Pulsions, désir, explosion de rage cathartique, introspection, tristesse et solitude, l’expressivité du film repose sur la puissance d’incarnation. La précision du cadrage révèle sur les visages des acteurs, la vérité des cœurs, saisit le frémissement de l’émotion, les variations subtiles de l’ambition, l’admiration, l’aigreur aussi. Poésie lyrique de l’amour, le désir, la colère et la douleur, dynamique à deux de la complicité. Zendaya, premier rôle de la série « Euphoria », magnifique de naturel, nuancée, habitée, d’une beauté presque irréelle fait face à un impeccable John David Washington, pas mal de sa personne également, qu’on a vu récemment en tête d’affiche de « Tenet ».

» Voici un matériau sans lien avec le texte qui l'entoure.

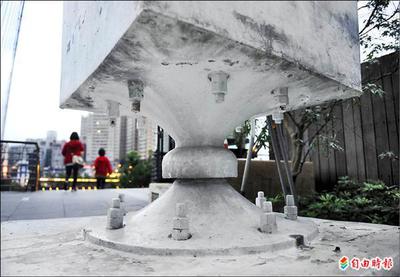 碧潭吊橋因新北市政府都更案,面臨拆除的命運,百年吊橋恐將走入歷史。圖為都更地所在位置的東岸橋頭橋墩。(記者羅沛...

Cette radiographie du couple, sur fond de guerre d’ego, aborde en filigrane des thématiques politiques fortes, Black Lives Matter, Me Too, la place des femmes dans l’industrie cinématographique, les dérives de la bien-pensance, l’hypocrisie de la société américaine, le racisme larvé… Ce mélodrame captivant s’illustre par sa sincérité et la densité du propos.